Through IDEA-NEW’s construction of microhydropower units (MHPs), ACDI/VOCA supplied inexpensive electrical power to remote communities, encouraging alternative industries such as handicrafts, and enabling children to study in the evening. Twenty MHPs were completed in two provinces and provide a total of 3,815 households with electricity to light their homes at night, giving them extra time in the evening to relax or perform housework. Throughout the life of the program, cash-for-work projects created 150 full time equivalent jobs, injecting over $270,000 to poor community members. In addition, 73,500 households have benefitted from infrastructure projects.
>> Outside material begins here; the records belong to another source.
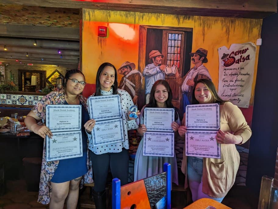 Shark Dental Academy offers one of the quickest paths to becoming a dental assistant. This is where you will learn the appropriate technical skills required for the job. Other dental assisting programs can take between one and two years to complete, depending on if the desired outcome is a certificate, diploma, or associate’s degree. With our unique curriculum focused on the practical skills of the dental assisting, you will earn a diploma of dental assisting in only 14 weeks!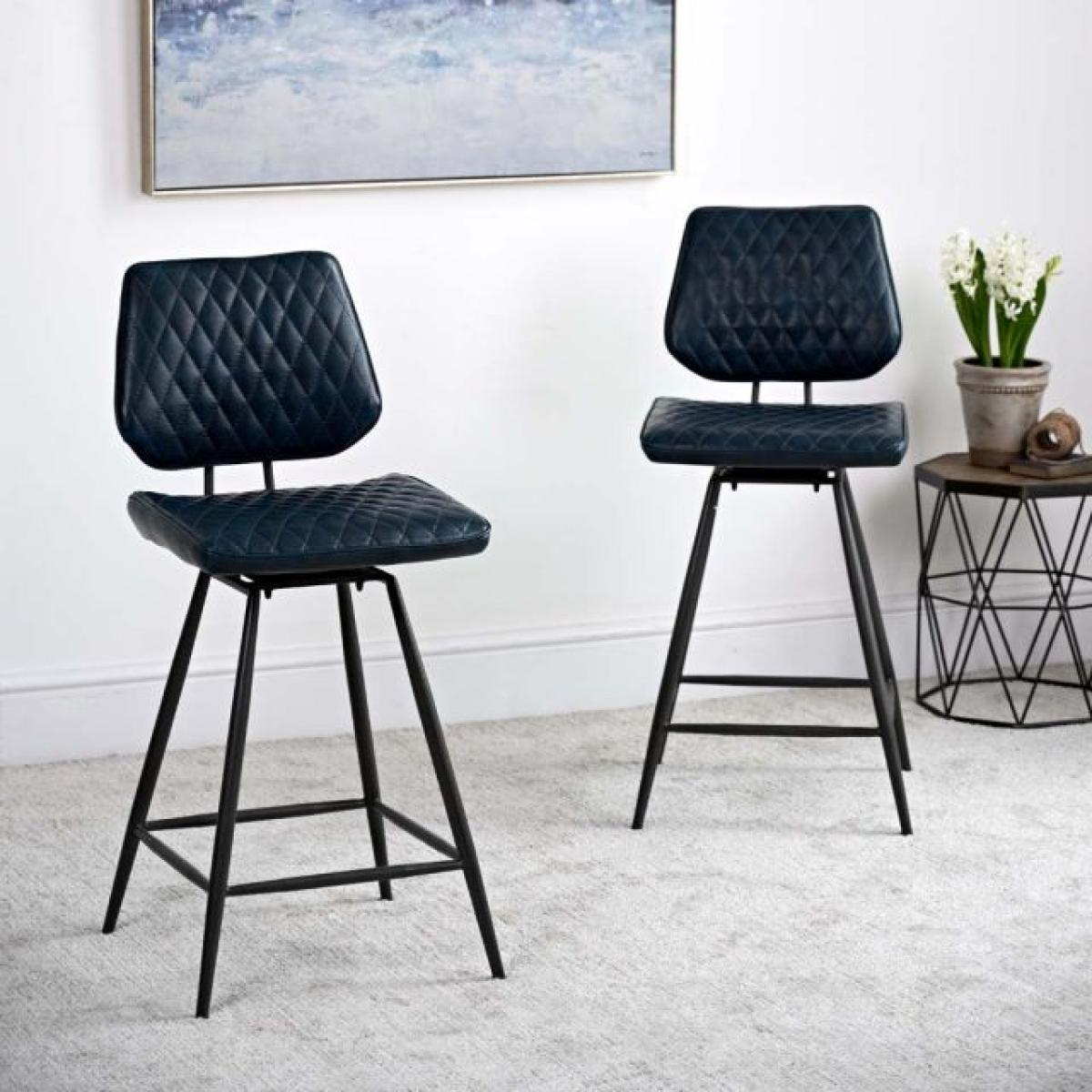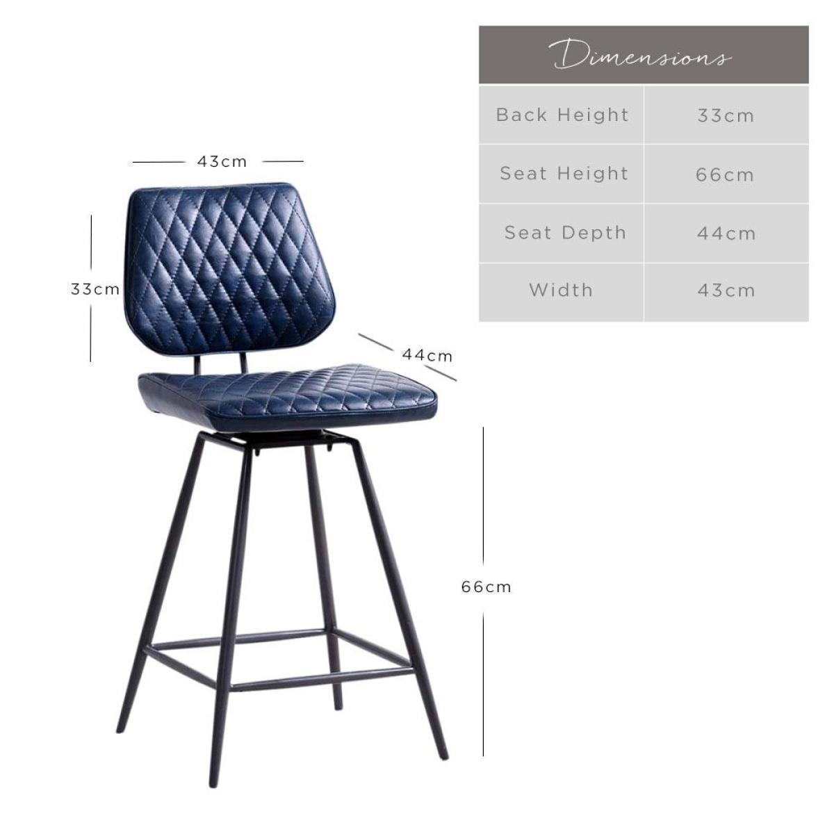 Add some vintage inspired, retro tones into your home with the Digby bar stool. Its angled metal legs keeps it from going out of style whilst its quilted upholstered seat adds a sophisticated touch, perfect for use at a breakfast bar or in your entertainment room. The stool includes a twist function to allow you to turn in your chair with ease. Also available in Dark Brown, Tan and Grey. Dimensions: W40cm x D53cm x H97.5cm Simple self assembly. Sold as a pair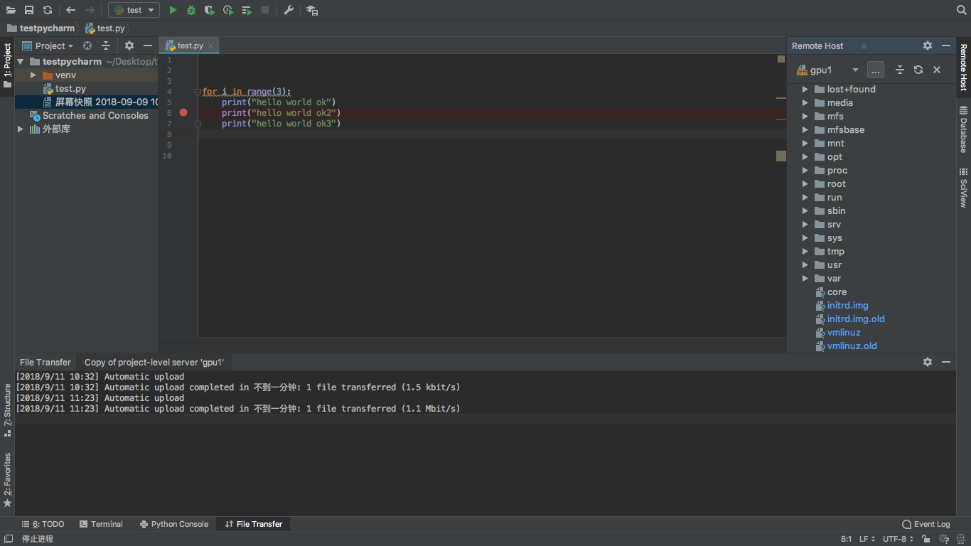 - 只需添加远侧解释器,同步远程项目文件夹,即可调用远程资源运行、debug本地代码,结果返回到pycharm中的下栏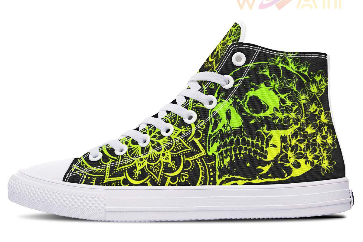 This Fluo Skull Flowers High Top Canvas Shoes was originally designed to be basketball shoes. These women’s and men’s casual shoes have become the go to walking shoes for just about any situation.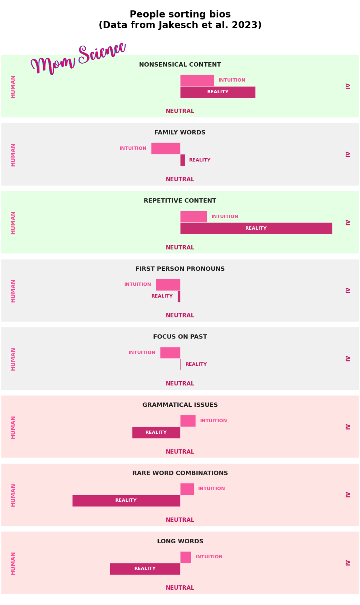 Grammatical issues, for example, were on their list of evidence for AI writers. However, the researchers showed the opposite: these were actually more common in the humans’ writings. It seems that at the time of the experiment, people still attributed bad grammar to AI. The same held true for long words and rare word combinations. Some other cues the participants relied on were not indicative of AI or humans either—such as the use of first-person pronouns, focusing on the past, or family words—yet they perceived them as signs of a human writer. They would have performed much better by relying on cues that are actually functional for detecting an AI writer, like nonsensical or repetitive content.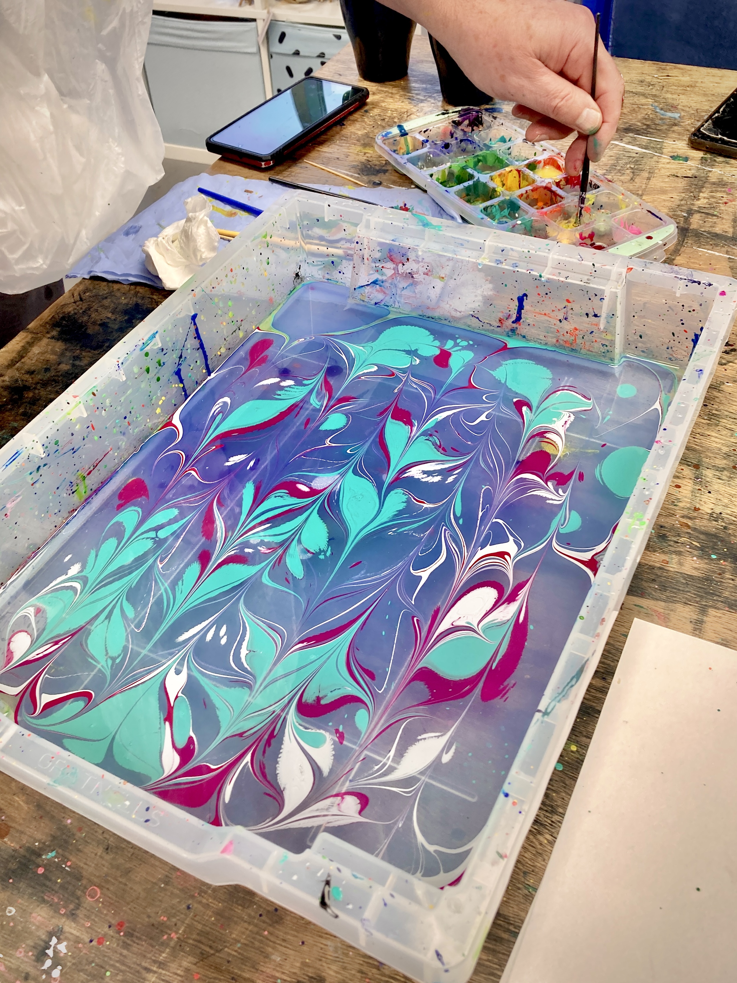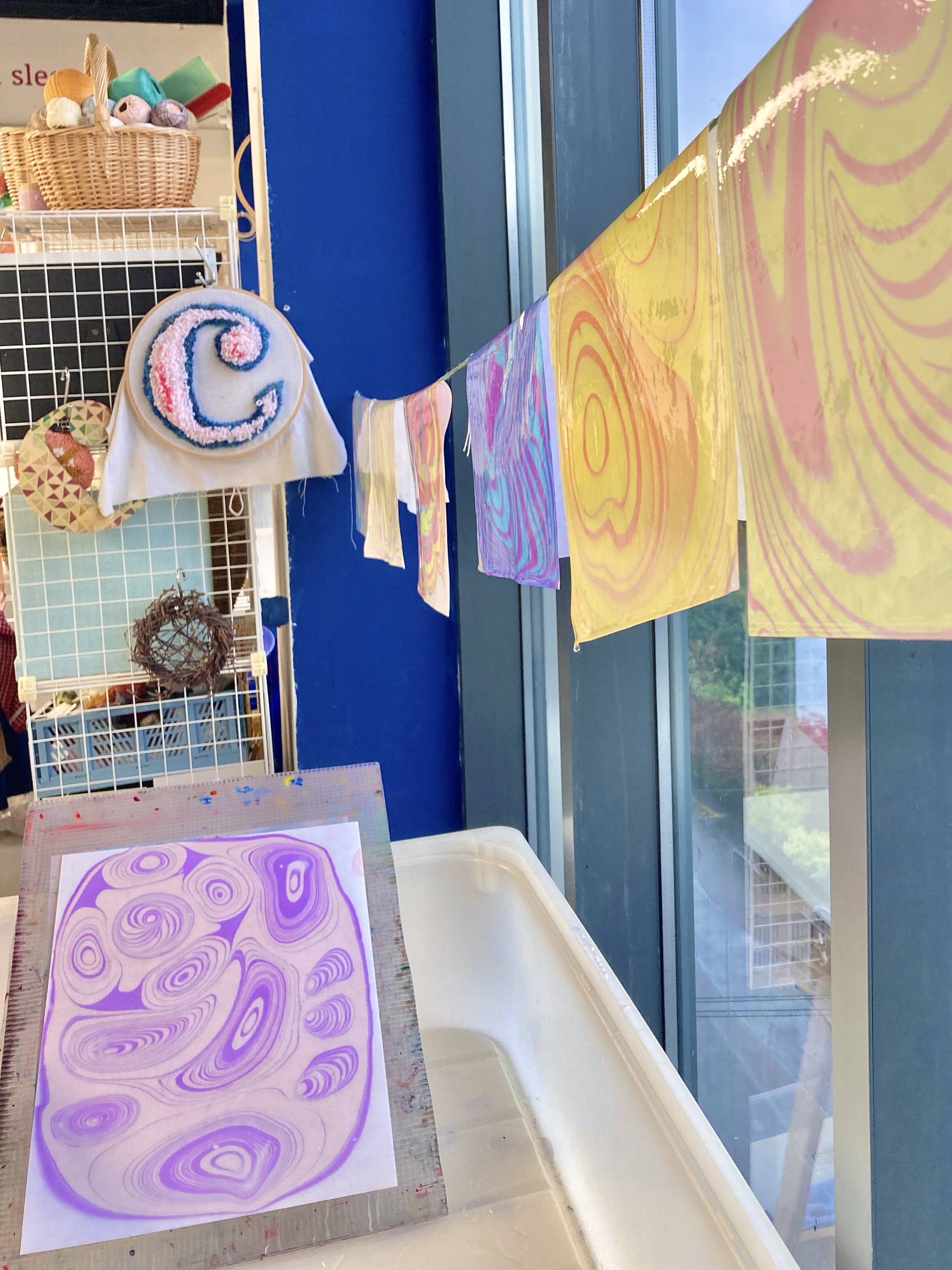 Shona will teach you traditional marbling techniques using a specially prepared thickened water bath and high quality acrylic inks. We will experiment with different methods of application using brushes, droppers and handmade tools, allowing you to play with patterns and colour. With a wide range of colours available, you’ll have the opportunity to experiment with various styles – whether you’re drawn to bold, groovy designs or soft, pastel patterns. You’ll have the freedom to explore your own creative ideas, guided by Shona’s expert support.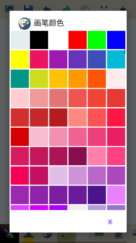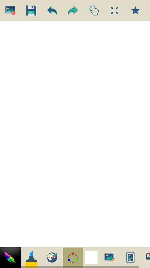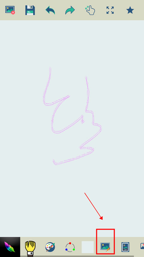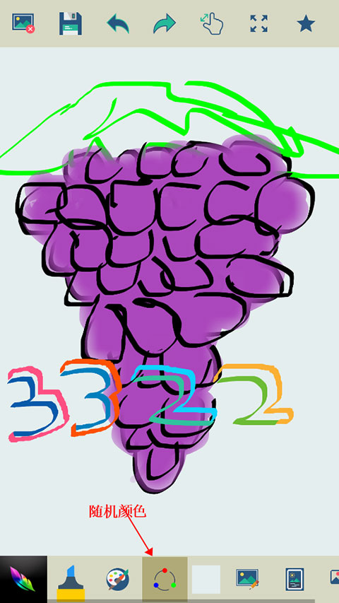 2、如下图所示,顶部图标分别代表清空画板、保存、撤销、局部放大以及收藏功能,下方是画笔、颜色、随机颜色、背景、相册以及分享等功能。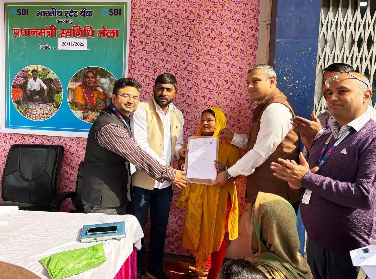 Faridabad News, आज समाज, फरीदाबाद। बल्लभगढ़ राष्ट्रीय राजमार्ग चावला कालोनी स्थित भारतीय स्टेट बैंक (एसबीआई) बैंक परिसर में प्रधानमंत्री स्वनिधी योजना के तहत रेहड़ी-पटरी वालों को लोन वितरित किए गए। इस अवसर मुख्य अतिथि के रूप में पार्षद जसवंत पंवार सैनी उपस्थित रहे।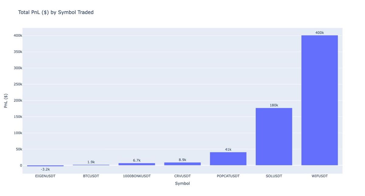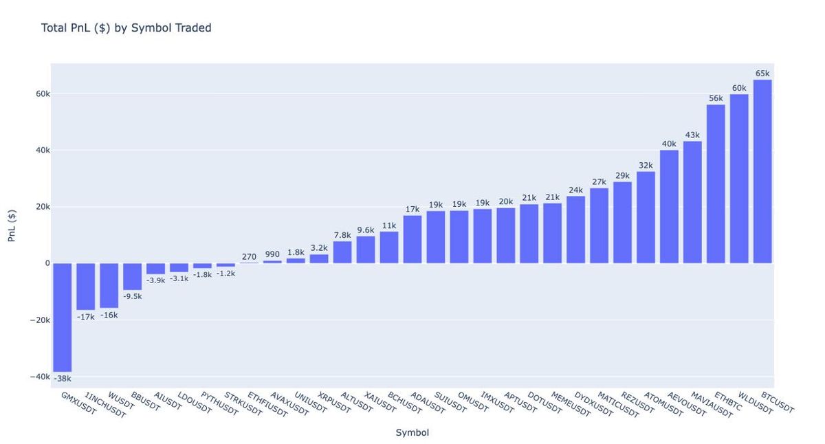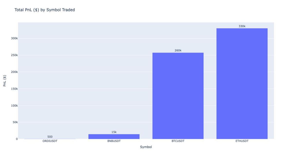 The figure below displays the TotalPnL ($) by symbol traded.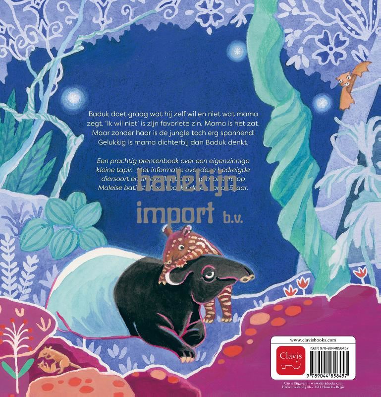 Baduk doet graag wat hij zelf wil en niet wat mama zegt. ‘Ik wil niet’ is zijn favoriete zin. Mama is het zat. Maar zonder haar is de jungle toch erg spannend! Gelukkig is mama dichterbij dan Baduk denkt. Een prachtig prentenboek over een eigenzinnige kleine tapir. Met informatie over deze bedreigde diersoort en unieke illustraties geïnspireerd op Maleise batikstoffen. Voor kinderen vanaf 5 jaar.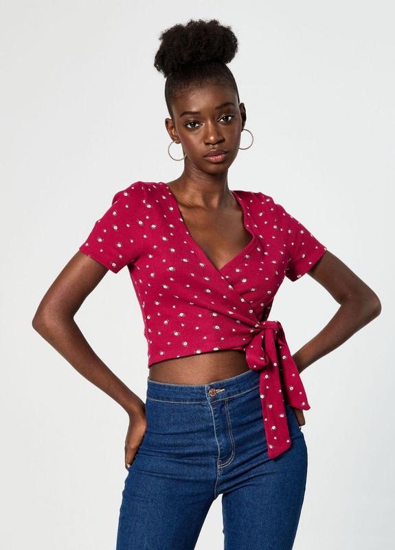 Топ на запах темно розовый в цветочный принт, don’t call me jennyfer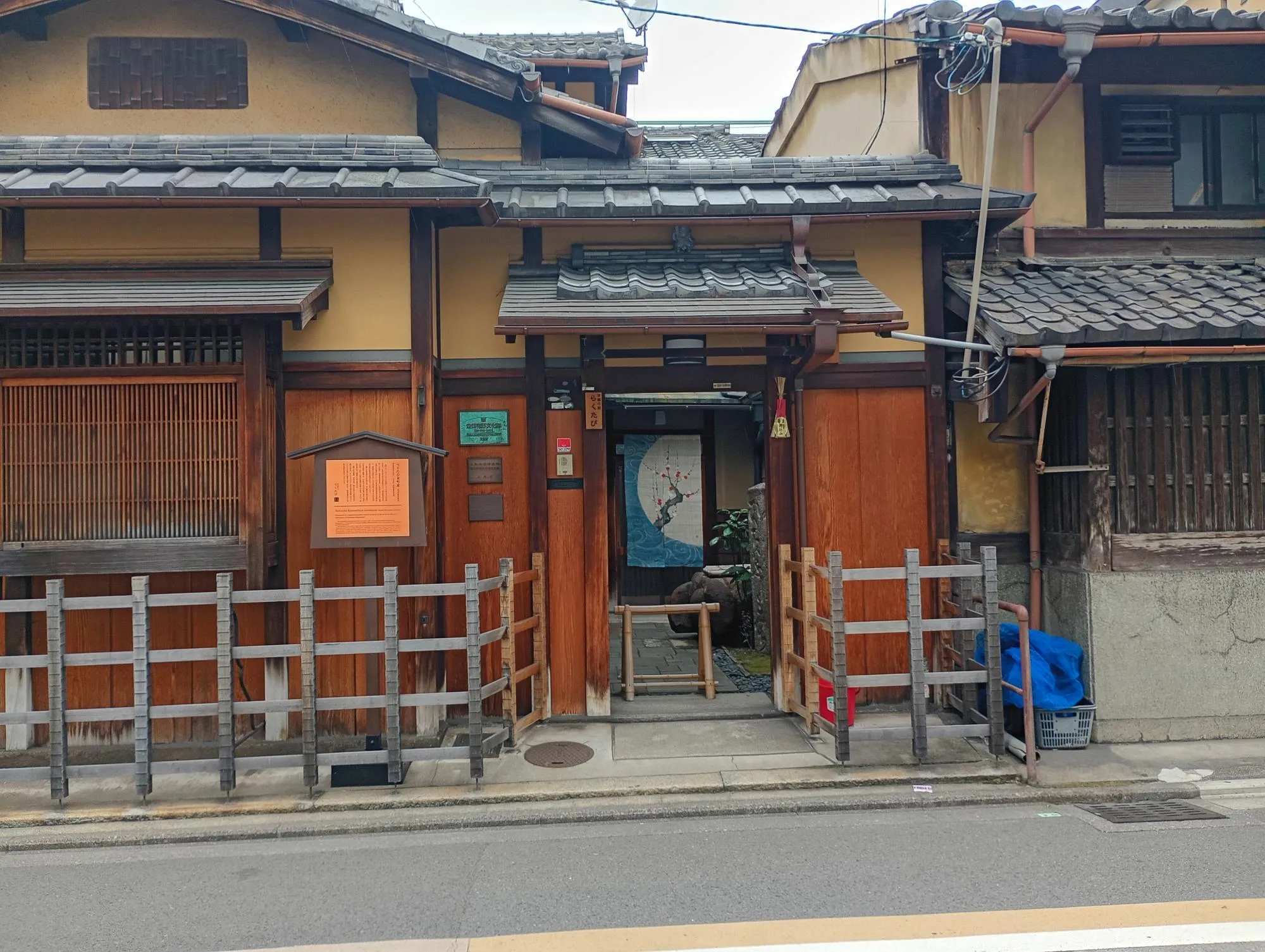 Khi dạo bước trên phố, tôi đã tình cờ gặp "Rakutabi Kyomachiya", một công trình kiến trúc được công nhận là Tài sản Văn hóa Hữu hình Đăng ký Quốc gia và Công trình Kiến trúc Quan trọng về Cảnh quan do thành phố chỉ định. Đây là một ngôi nhà phố Kyomachiya hiện đại được xây dựng vào năm Showa thứ 7 (1932), với hơn 90 năm lịch sử. Với cửa sổ lưới, lối vào bằng đất (doma) và khu vườn phía trước tuyệt đẹp, đây là một tòa nhà mà vẻ đẹp truyền thống của Kyoto sống động khắp nơi, khiến tôi không khỏi dừng chân trước vẻ ngoài của lối vào. Ngôi nhà phố này, đóng vai trò là cơ sở của "Rakutabi - Du lịch ở Rakuyo" và là nơi truyền tải lịch sử và văn hóa Kyoto, càng làm tăng thêm nét quyến rũ của phố Takoyakushi.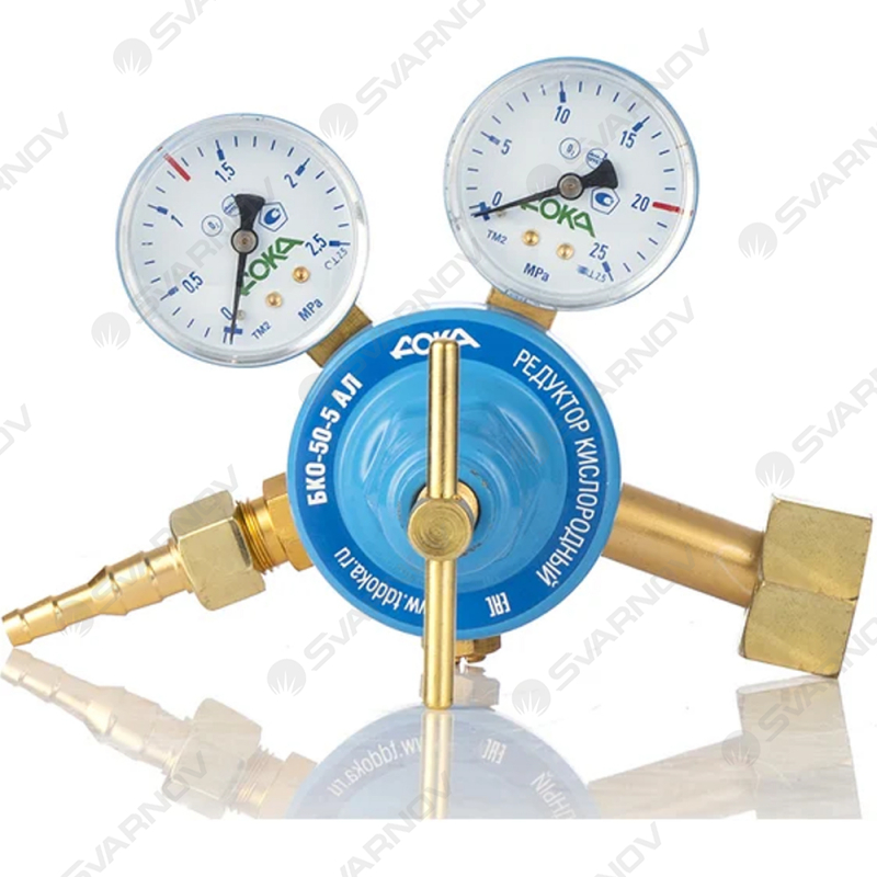 Редуктор кислородный БКО-50-5АI ДОКА предназначен для понижения давления газа, поступающего из баллона, и автоматического поддержания постоянного расхода газа на выходе. Оснастка комплектуется двумя манометрами.

Helping Home-based Businesses

The carpet-weaving and silk production industries are two of the most important home-based industries in the North. ACDI/VOCA worked with an Afghan women-owned handicrafts company to train 600 vulnerable women in northern Afghanistan on new yarn-spinning methods, sorting and cleaning of wool, and marketing skills. Upon completion of the training, the women were supplied with spinning wheels to continue applying their new skills to increase production and potential revenue. By imparting skills and expanding access to resources and local markets, the project encouraged financial independence and enterprise sustainability.

In supporting the silk industry, ACDI/VOCA distributed silkworm eggs to 2,400 women as part of training on silkworm rearing and worked closely with the provincial-level agricultural ministry on the production of silkworm eggs. The program also worked closely with a woman-owned silk production business in Mazar-e-Sharif that has been highly successful and purchases silk from female producers in the region. An automated silk-reeling machine has been granted to Rabia Maryam Handicrafts Company in order to speed up the production and improve the quality of silk thread produced by this company. The company processes silk thread into cloth used for production of different hand-woven final products.